NEAT [13] is a state-of-the-art neuroevolution method that evolves the weights and the topology of ANNs. odNEAT [10] is an online, steady-state, decentralised version of NEAT, originally designed for multirobot systems. odNEAT is used in our study because it has shown to enable efficient online adaptation in single robot domains [11]. As we conduct our experiments using one robot, we only describe odNEAT’s features with respect to a single agent. The robot is controlled by an ANN that represents a candidate solution to the task, and maintains a virtual energy level representing its performance. The fitness value is defined as the average of the energy level, sampled at regular time intervals. The robot maintains a population of genomes, the direct genetic encoding of ANNs, and their respective fitness scores in an internal repository. The repository implements a niching scheme comprising speciation and fitness sharing, which allows the robot to maintain a healthy diversity of candidate solutions with different topologies. In the original definition, odNEAT starts executing with a population of random networks in which each input neuron is connected to every output neuron. When the virtual energy level reaches zero, the current controller is considered unfit for the task. A new genome representing a new controller is created by choosing a parent species from the internal population, and selecting two parents, each one via a tournament selection of size 2. Offspring is created through crossover of the parents’ genomes and mutation of the new genome. Once the genome is decoded into a new controller, it is guaranteed a minimum maturation period α during which it controls the robot. Mutation is both structural and parametric, as it adds new neurons and connections, and optimises existing parameters such as connection weights and neuron bias values. In this way, odNEAT avoids a priori specification of the network topology and can evolve an appropriate degree of complexity for the task.

3

Methods

In this section, we define our experimental methodology, including the robot model, the deceptive phototaxis task, and the experimental setup.

3.1

Robot Model and Behavioural Control

We use JBotEvolver1 , an open-source, multirobot simulation platform and neuroevolution framework for our experiments. The simulated robot is modelled after the e-puck [9], a 75 mm in diameter, differential drive robot capable of moving at a maximum speed of 13 cm/s. The robot is equipped with eight IR sensors for obstacle detection. The IR sensors have a range of 25 cm.2 Each IR sensor and each actuator is subject to noise, which is simulated by adding a random Gaussian component within ±5% of the sensor saturation value or of the maximum actuation value. The robot is also equipped with an internal sensor that allows it to perceive its current virtual energy level. During task execution, the robot is controlled by a discrete time recurrent ANN synthesised by odNEAT. The ANN’s connection weights ∈ [-5,5] and the activation function is the steepened sigmoid [13]. The inputs of the ANN are the normalised readings from the sensors mentioned above. The input layer consists of 17 neurons: (i) eight for wall detection, (ii) eight for light source detection, and (iii) one neuron for the virtual energy level readings. The output layer contains two neurons, one for setting the signed speed value of each wheel. 3.2

Deceptive Phototaxis

Phototaxis is a standard task in evolutionary robotics, in which robots have to search for and move towards a light source. We study a deceptive and dynamic version of the phototaxis task with three light sources. One source is beneficial to the robot, one source is neutral, and the remaining source is detrimental. The sources are static but they periodically switch their type causing, for instance, the beneficial light source to become neutral or detrimental, and vice versa.

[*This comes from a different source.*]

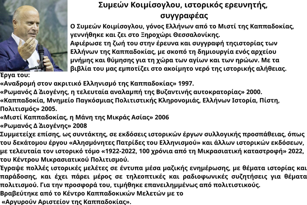ευχαριστούμε θερμά τον κ. Συμεών Κοιμίσογλου, ιστορικό ερευνητικό, συγγραφέα.

The task requires the robot to perform phototaxis when faced with the beneficial light source, and to perform anti-phototaxis as the alternative action when in close proximity to either the neutral or the detrimental light source. Deceptiveness is introduced by the fact that the three light sources are indistinguishable to the robot’s light sensors. The robot must therefore discriminate between different lights based on the temporal correlation between its energy sensor readings and proximity to a given source. The task environment is illustrated in Fig. 2. The robot operates in a square arena surrounded by walls. The size of the arena is chosen to be 3 x 3 meters. The arena contains four obstacles with dimensions 0.5 x 0.125 meters and one obstacle with dimensions 0.125 x 0.5 meters. The obstacles are of the same material as walls, and increase the difficulty of the task by reducing the area for navigation, and ensuring that there is no straight path between different light sources. The placement and size of the light sources is inspired in the experimental setup of Sperati et al. [12]. The sources have a diameter of 0.32 meters and are positioned 1 2

https://code.google.com/p/jbotevolver The original e-puck infrared range is 2-3 cm [9]. In real e-pucks, the liblrcom library, available at http://www.e-puck.org, extends the range up to 25 cm.

Fig. 2: The task environment. The arena measures 3 x 3 meters. The dark areas denote physical obstacles, while the white areas denote the arena surface on which the robot can navigate. The circular areas represent the different sources.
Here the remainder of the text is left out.